YOUR TASK
Print the data exactly as written, line for line, and leave its pictures behind.

DATA TO USE
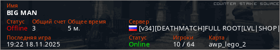 Играет на Counter Strike Source сервере. Страна: РоссияПервый раз замечен 19:18 18.11.2025
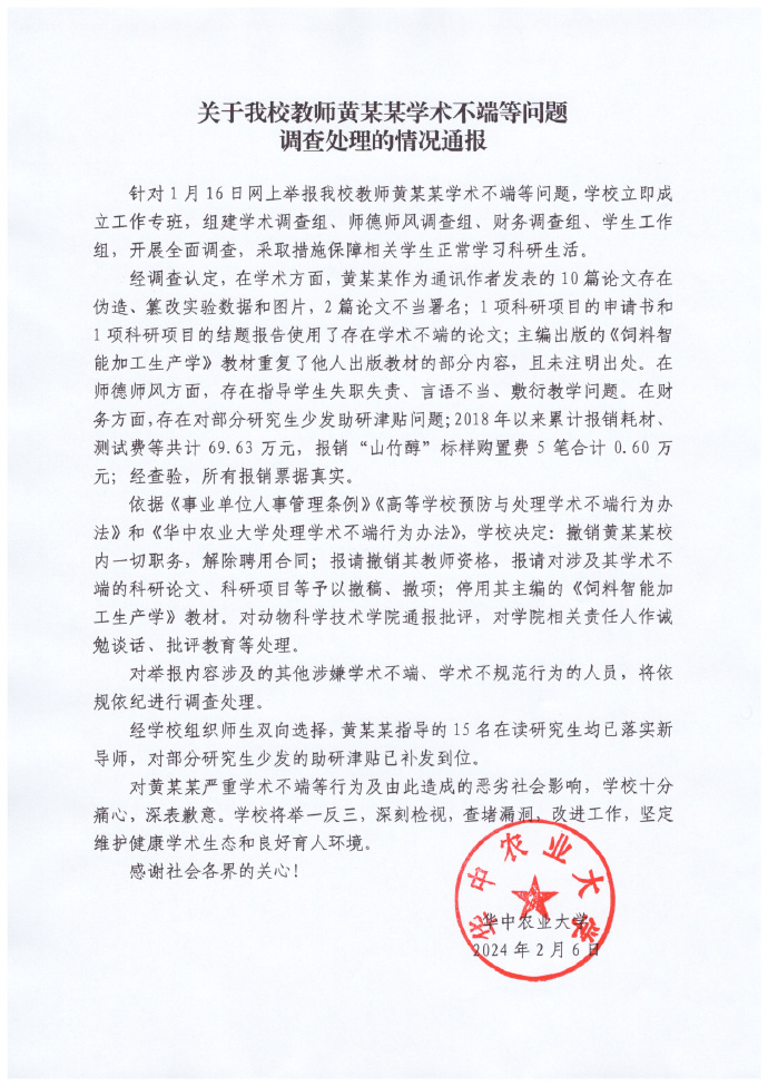 伟德国际1946bv官网北京2月6日电 (记者郝孟佳)今天,华中农业大学在其官方微博通报教师黄某某学术不端等问题调查处理情况。通报称,依据《事业单位人事管理条例》《高等学校预防与处理学术不端行为办法》和《华中农业大学处理学术不端行为办法》,学校决定撤销黄某某校内一切职务,解除聘用合同;报请撤销其教师资格,报请对涉及其学术不端的科研论文、科研项目等予以撤稿、撤项;停用其主编的《饲料智能加工生产学》教材。
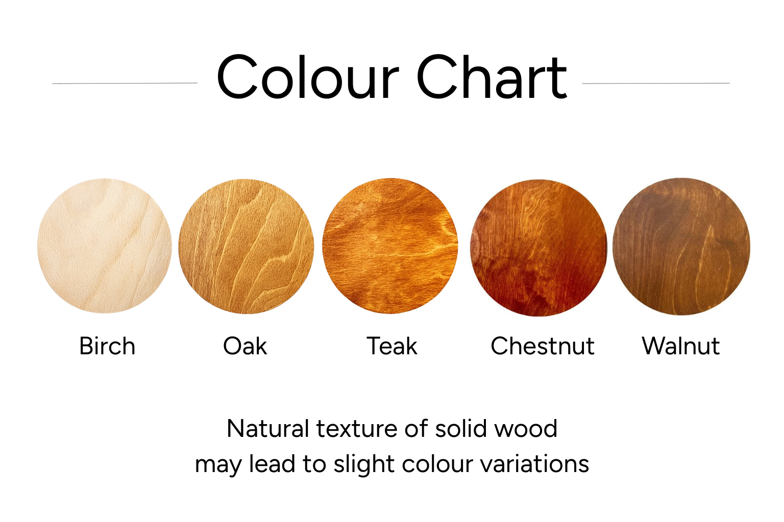 Birch, Oak, Teak, Chestnut and Walnut.
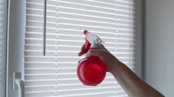 - Рідина для миття вікон підійде і для очищення жалюзі. Інструкція по застосуванню та ж: ламелі переводяться в закрите положення, обприскуються складом, а потім по черзі протираються сухою тканиною.
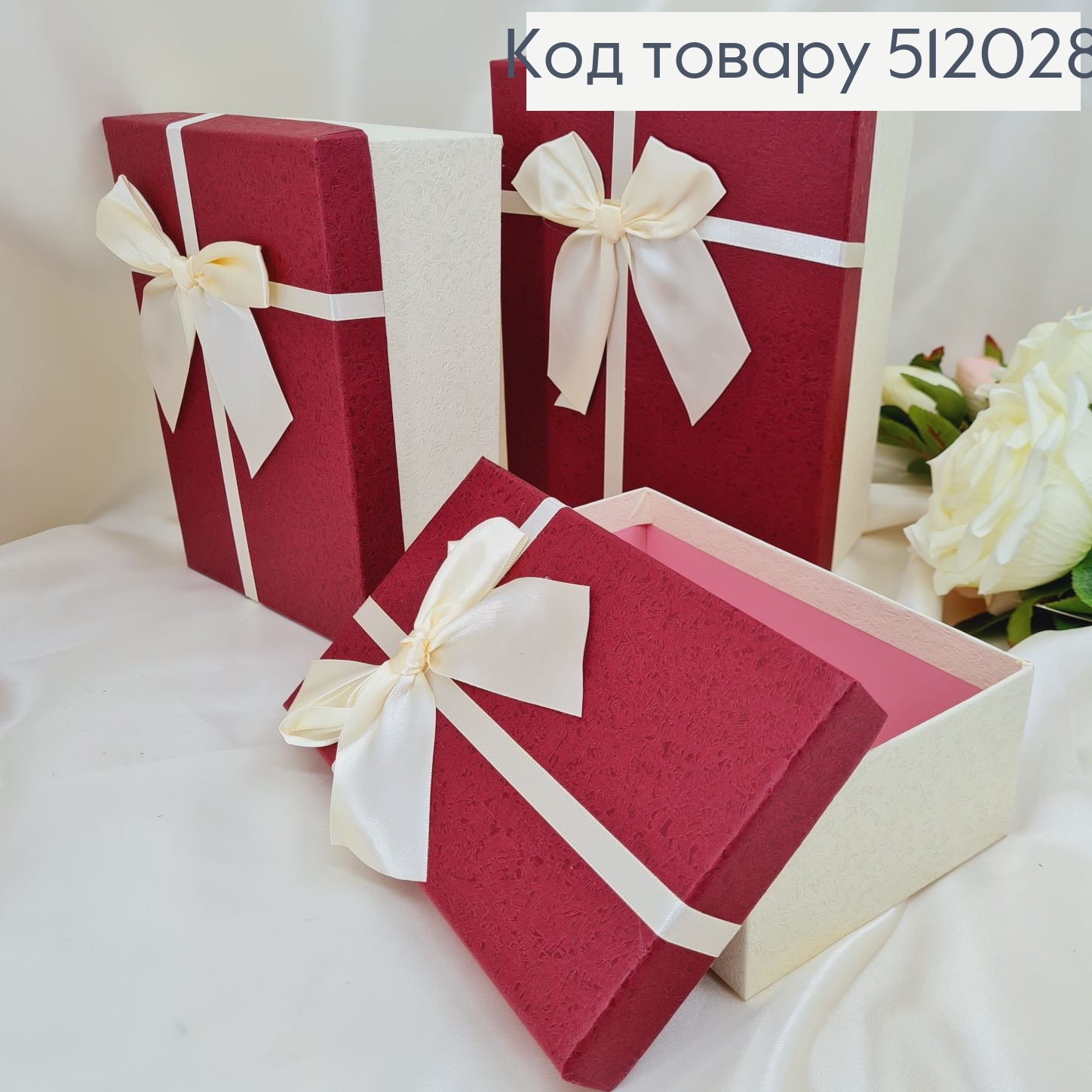 Набор коробок бордовых Бантик 3 шт( 12*19*6,5 см, 14*21*8 см, 16*23*9,5 см)
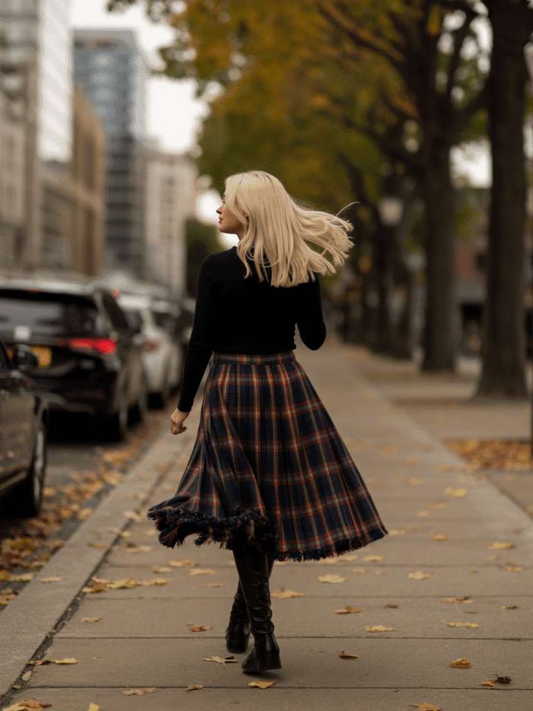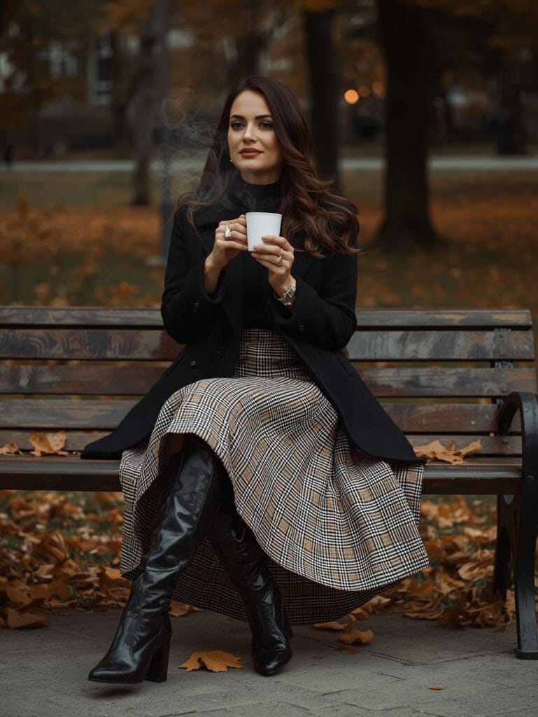 Plaid midi skirt, navy turtleneck, and brown boots. Heritage meets modernity.
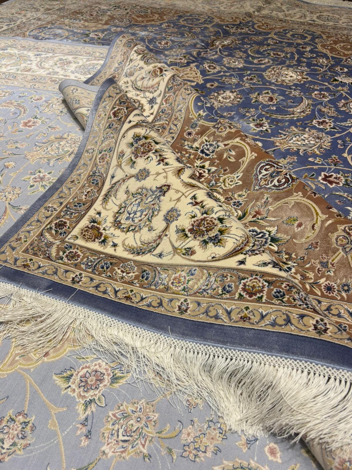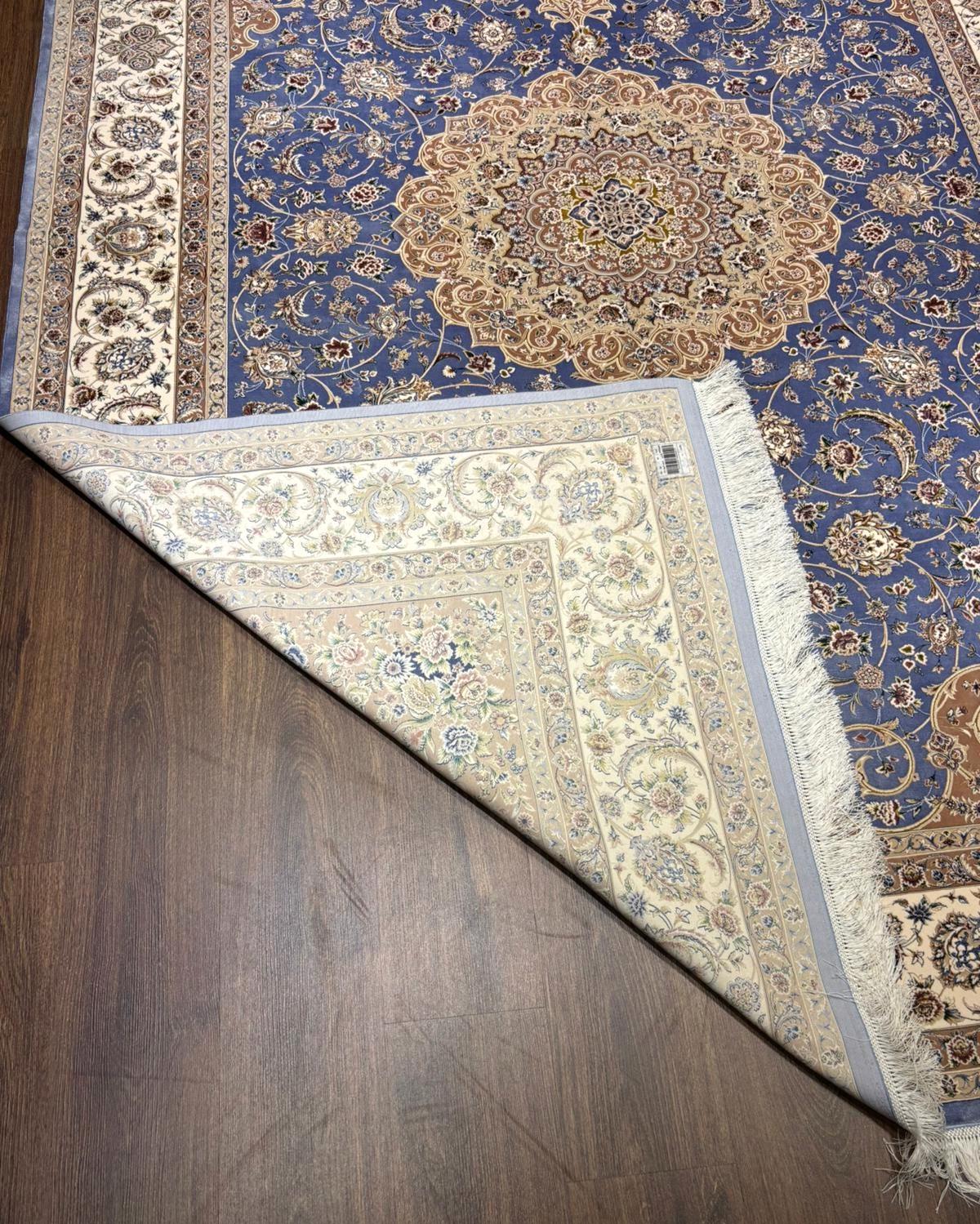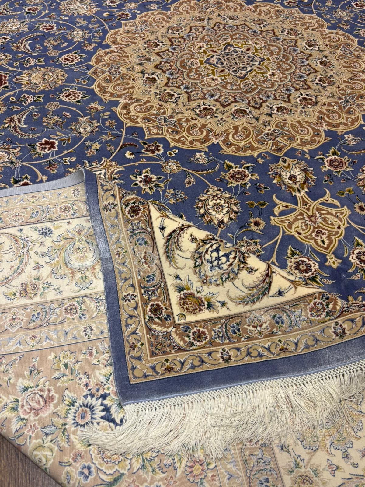 This handmade silk and wool rug is a stunning example of timeless elegance and fine craftsmanship. Featuring a rich blue background with a detailed central medallion, this piece brings depth, sophistication, and harmony into any interior space.

RESPONSE BELOW
 Играет на Counter Strike Source сервере. Страна: РоссияПервый раз замечен 19:18 18.11.2025
 伟德国际1946bv官网北京2月6日电 (记者郝孟佳)今天,华中农业大学在其官方微博通报教师黄某某学术不端等问题调查处理情况。通报称,依据《事业单位人事管理条例》《高等学校预防与处理学术不端行为办法》和《华中农业大学处理学术不端行为办法》,学校决定撤销黄某某校内一切职务,解除聘用合同;报请撤销其教师资格,报请对涉及其学术不端的科研论文、科研项目等予以撤稿、撤项;停用其主编的《饲料智能加工生产学》教材。
 Birch, Oak, Teak, Chestnut and Walnut.
 - Рідина для миття вікон підійде і для очищення жалюзі. Інструкція по застосуванню та ж: ламелі переводяться в закрите положення, обприскуються складом, а потім по черзі протираються сухою тканиною.
 Набор коробок бордовых Бантик 3 шт( 12*19*6,5 см, 14*21*8 см, 16*23*9,5 см)
 Plaid midi skirt, navy turtleneck, and brown boots. Heritage meets modernity.
 This handmade silk and wool rug is a stunning example of timeless elegance and fine craftsmanship. Featuring a rich blue background with a detailed central medallion, this piece brings depth, sophistication, and harmony into any interior space.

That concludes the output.